Per la storiografia ogni fatto e dettaglio possono essere degni di indagine e conservazione storica, ma questo non è il campo della memoria (non quello dell'oblio). La storiografia non può fungere da sostituto della memoria collettiva, ma, mentre l'imperativo morale storico rimane intatto, per Yerushalmi la società contemporanea sembra affetta da un declino della memoria collettiva e da una minore consapevolezza del proprio passato, forse per le stesse caratteristiche evidenziate da Connerton nelle forme di temporalità e oblio della contemporaneità. Yerushalmi sposta la questione dell'oblio su un piano di cui ci occuperemo nella prossima parte parlando di negazionismo e revisionismo.
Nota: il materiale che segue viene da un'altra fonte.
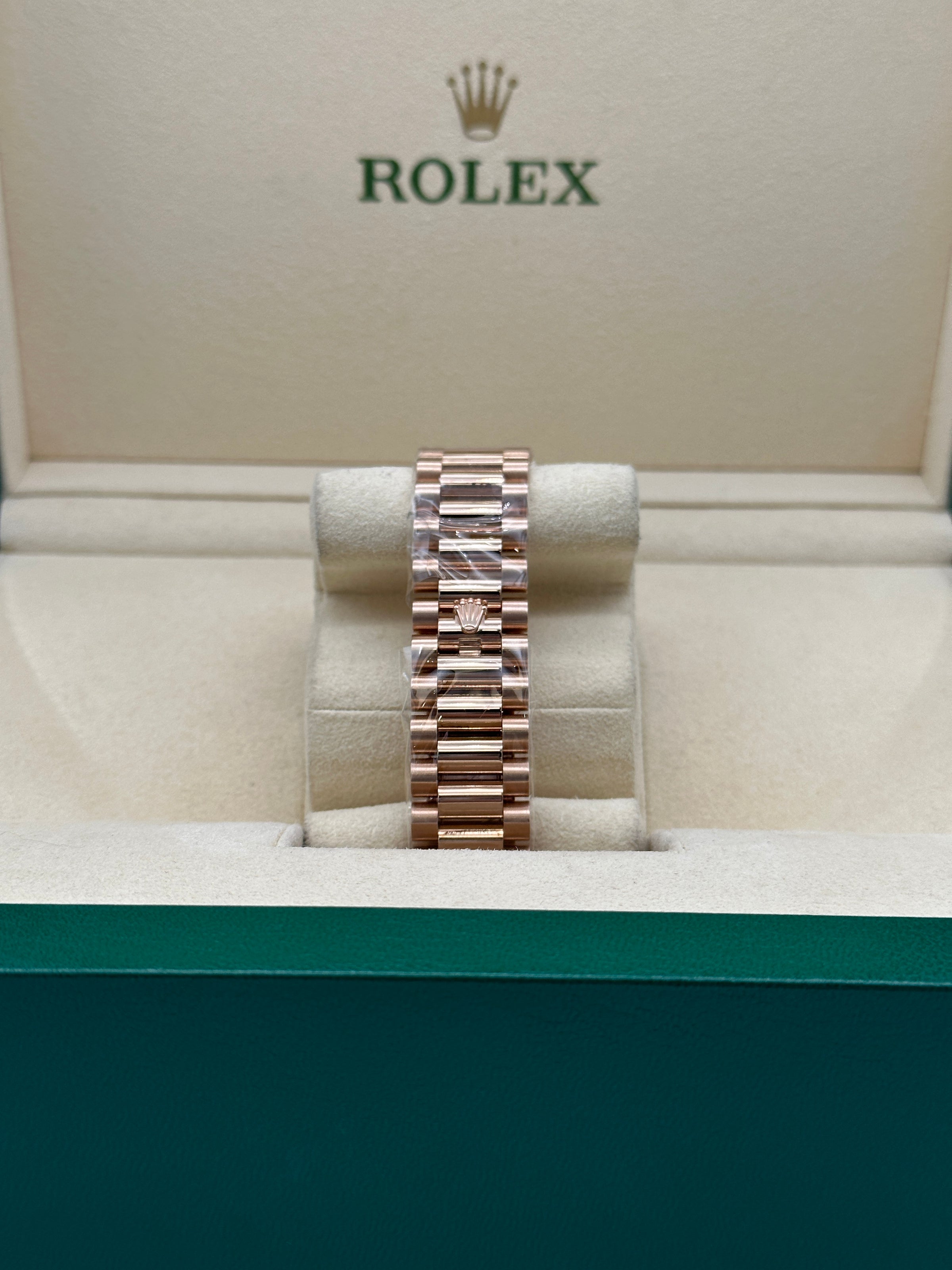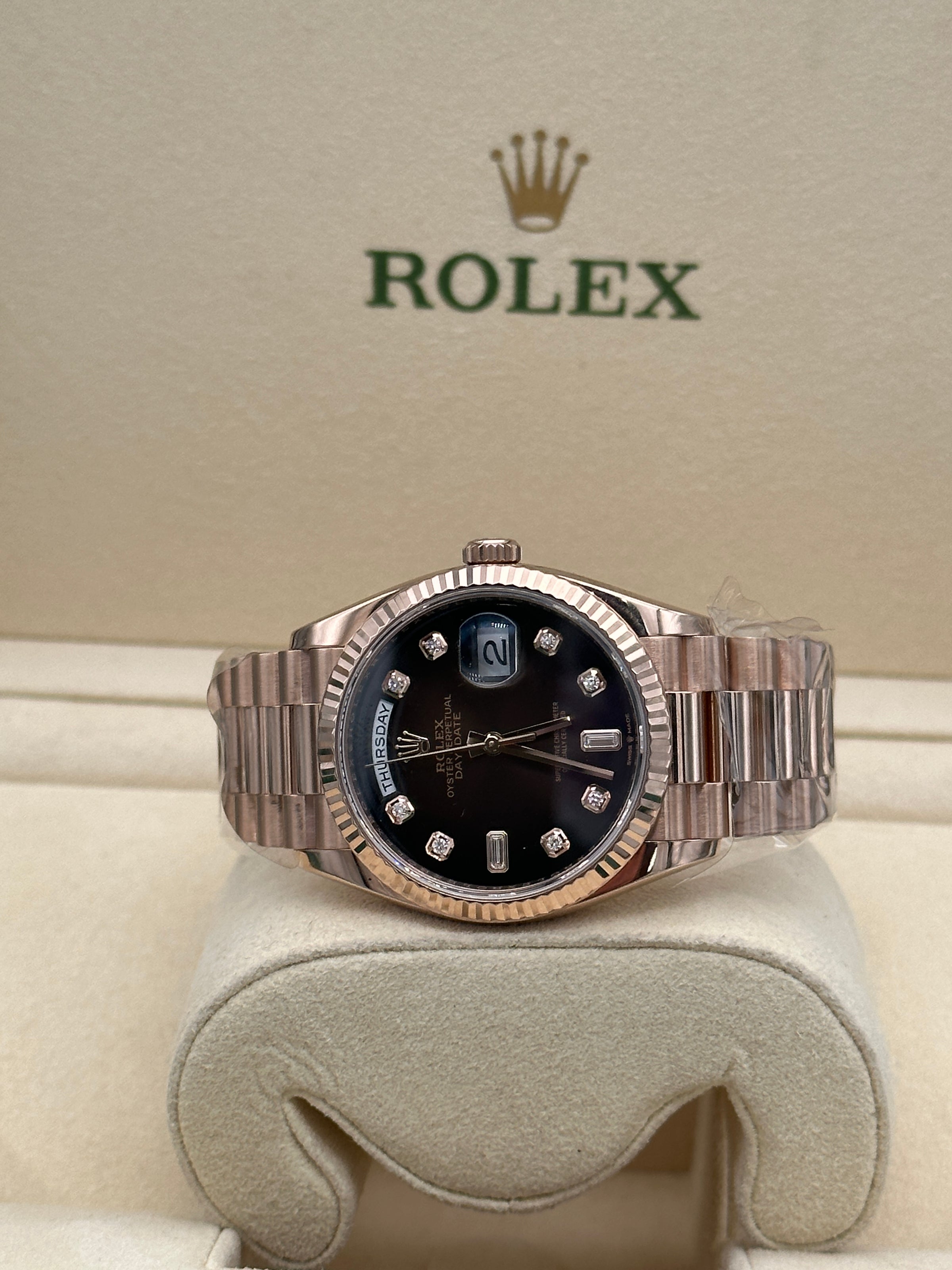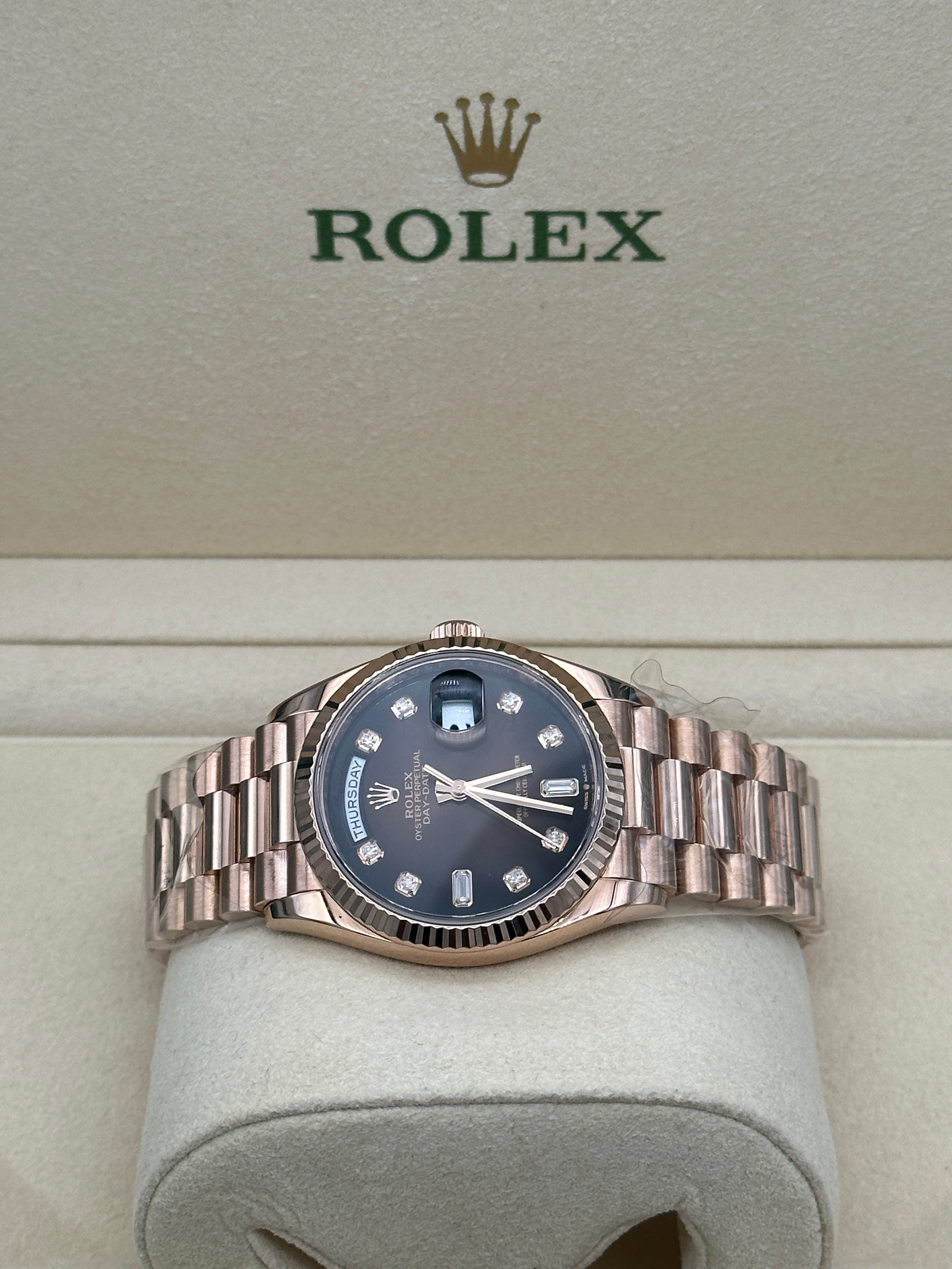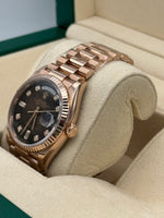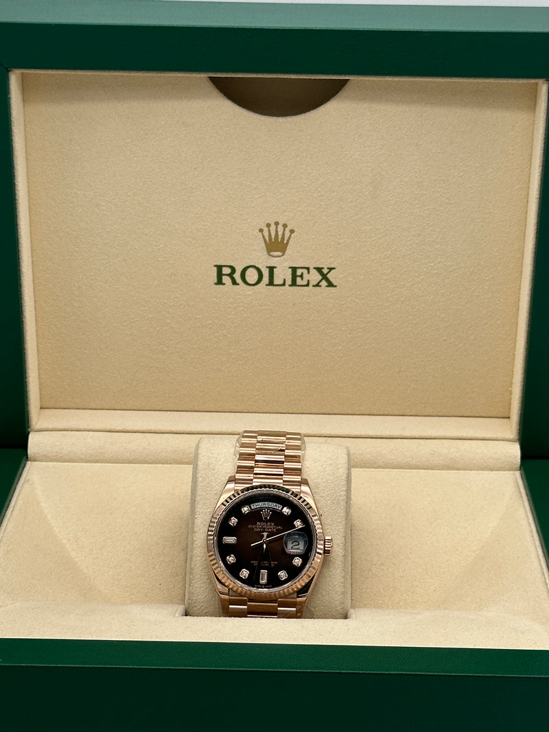 This stunning Rolex Day-Date features a 36mm solid 18K everose gold case, everose gold fluted bezel, brown ombre dial with diamond hour markers and comes on a 18k everose presidential bracelet.
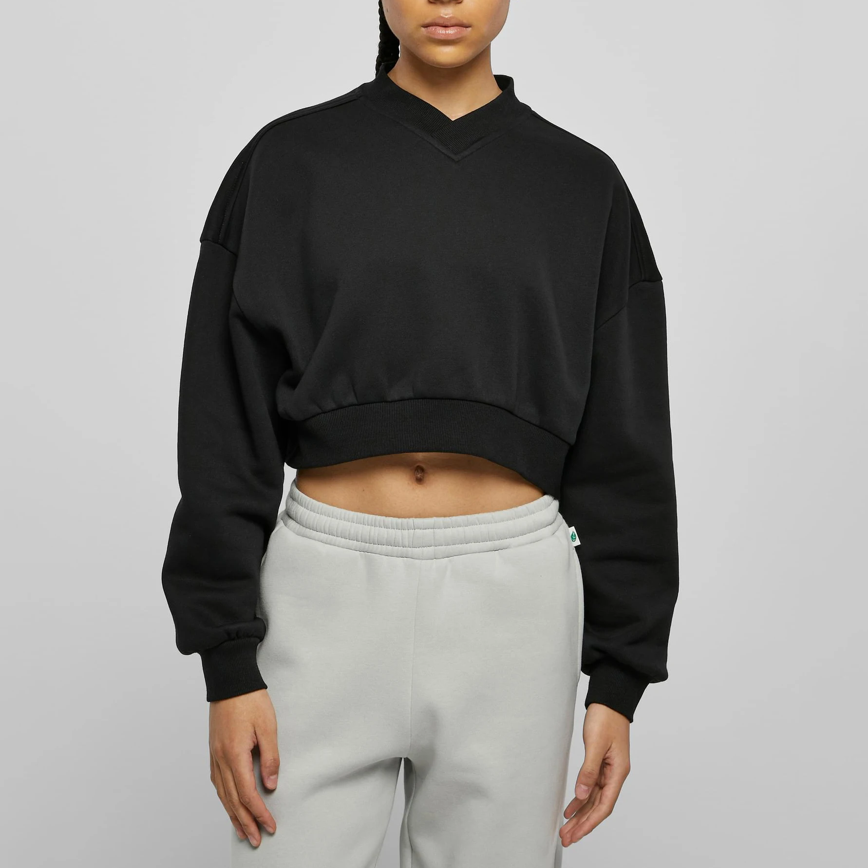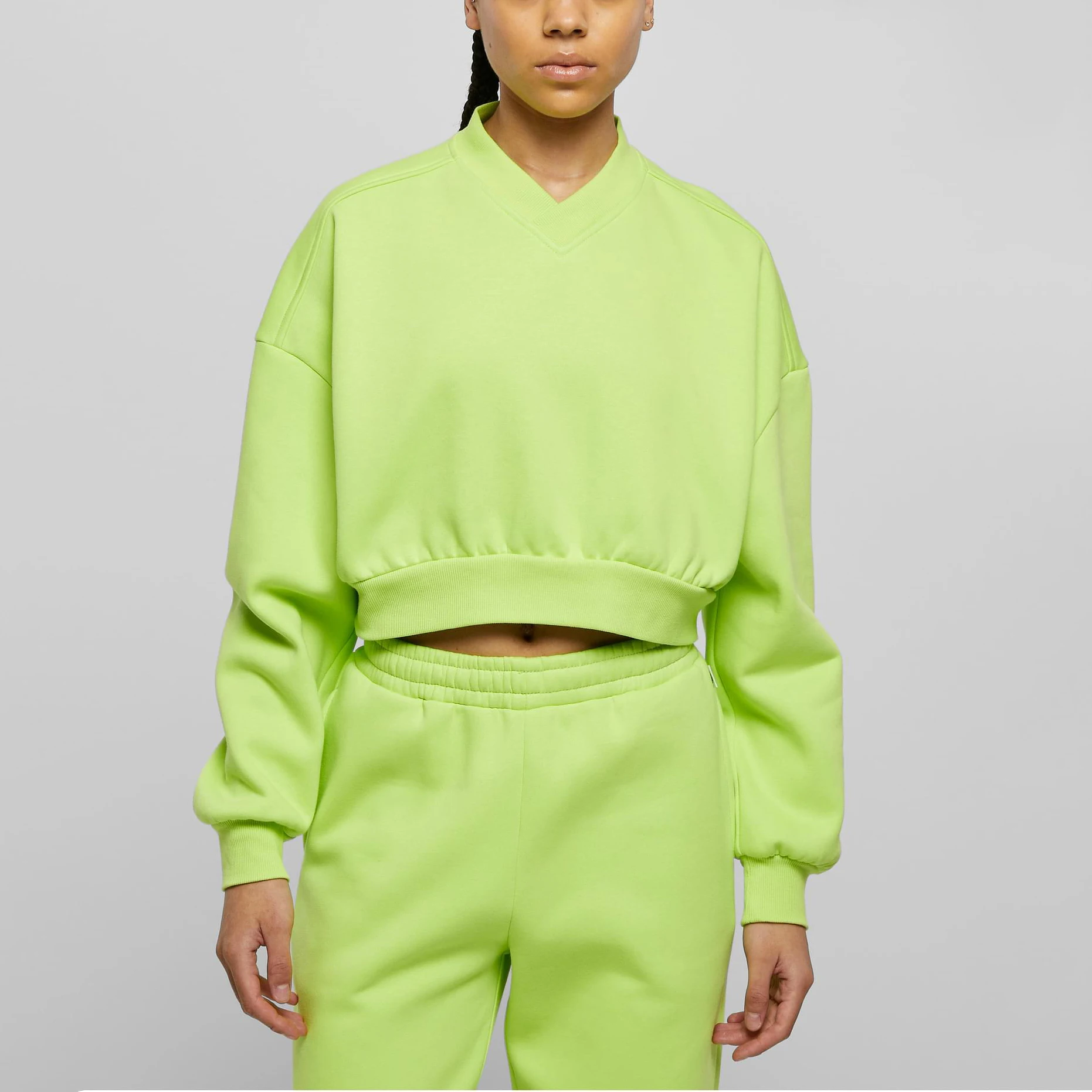 Custom Logo Ribbed V Neck Sportswear Shorts Bottom Pullover Oversized Dropped Shoulder Tops Hoodie for Women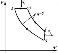 4-1 – ізобарний вихлоп, відвід теплоти q2 у циклі.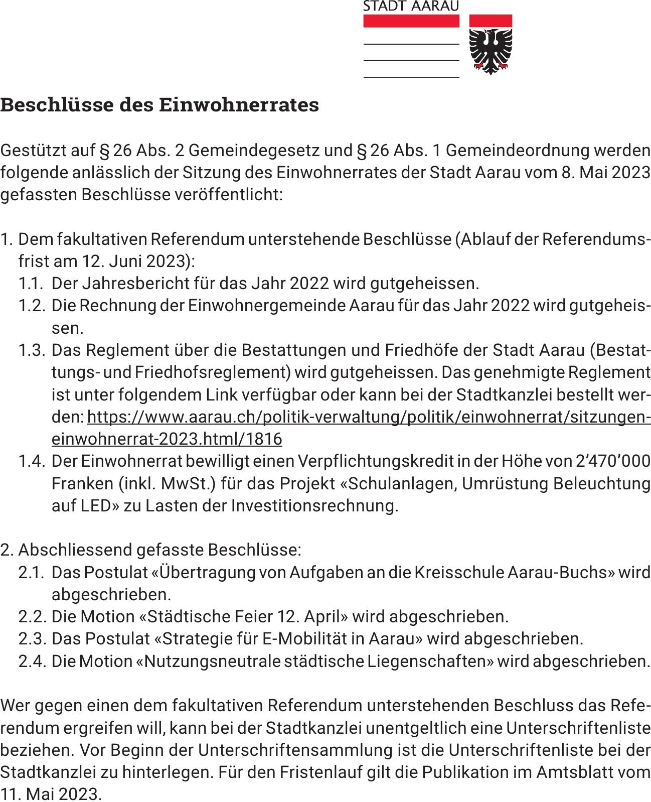 Sie sind hier: Home > Amtliche Mitteilungen > Beschlüsse des Einwohnerrates
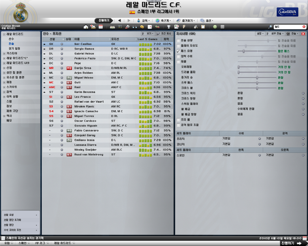 GK 걍 좋은선수 패스할때 짤은패스적용 했습니다 점유율을 높이기 위해서..... 볼배급 수비에게 연결
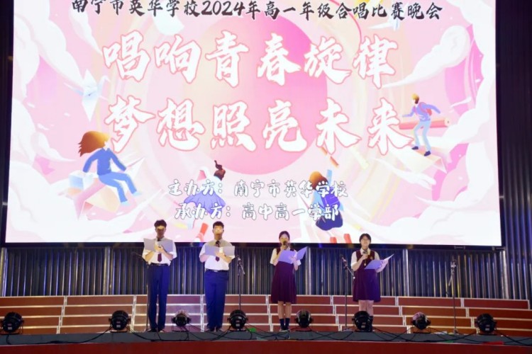 飞扬的歌声,吟唱难忘的岁月;熟悉的旋律,演绎时代的乐章!在这个充满希望与收获的季节里,南宁市英华学校高一年级举办了一场“唱响青春旋律,梦想照亮未来”合唱比赛晚会。这不仅是一场音乐的聚会,更是青春风采的展示,是同学们团结协作、共同追求艺术之美的生动实践。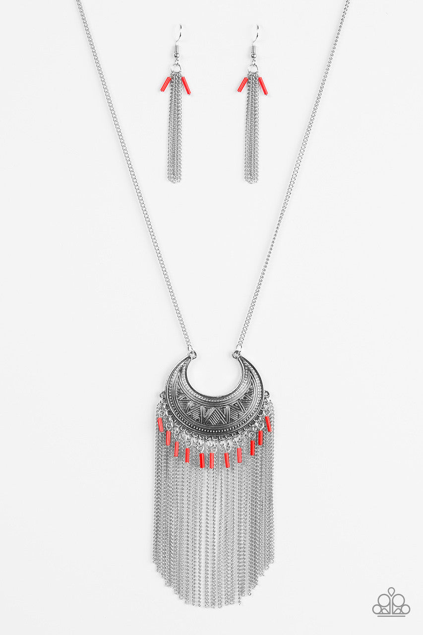 Etched in geometric patterns, a silver crescent swings from the bottom of an elongated silver chain. The tribal inspired pendant gives way to a shimmery fringe sprinkled with shiny red beads for a seasonal finish. Features an adjustable clasp closure.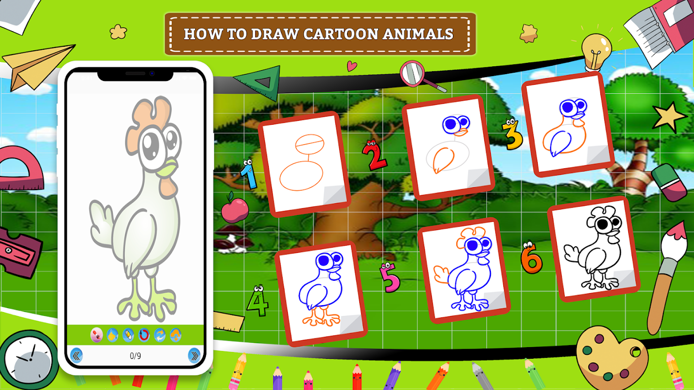 Pictures of cartoon animals can be drawn with pencil and paints, colored pens, whatever you like on paper or use this application on mobile devices and tablets. Each sketch in simple steps allow you to make fabulous drawings, just take a paper and a pencil or in application you can make the drawing, choose the sketch from the application you like and follow step by step instructions. It is very easy to use and your ability to draw will further improve in every new picture.

Tra gli usi dell'oblio egli vede anche il rischio di una distorsione delle testimonianze storiche di una memoria collettiva così condivisa come l'Olocausto, a favore di un passato mitico basato sulla revisione dei documenti e la messa in discussione dell'evidenza storica. Partito dalle affermazioni di Nietzsche sulla necessità di dimenticare, Yerushalmi conclude che, di fronte all'uso dell'oblio al servizio del silente revisionismo storico, meglio decidere di ricordare troppo e che niente venga perduto, per offrire un quadro completo di tutte le interpretazioni possibili.

Chissà se tale scelta sia realmente possibile nello sviluppo storico e culturale della società occidentale.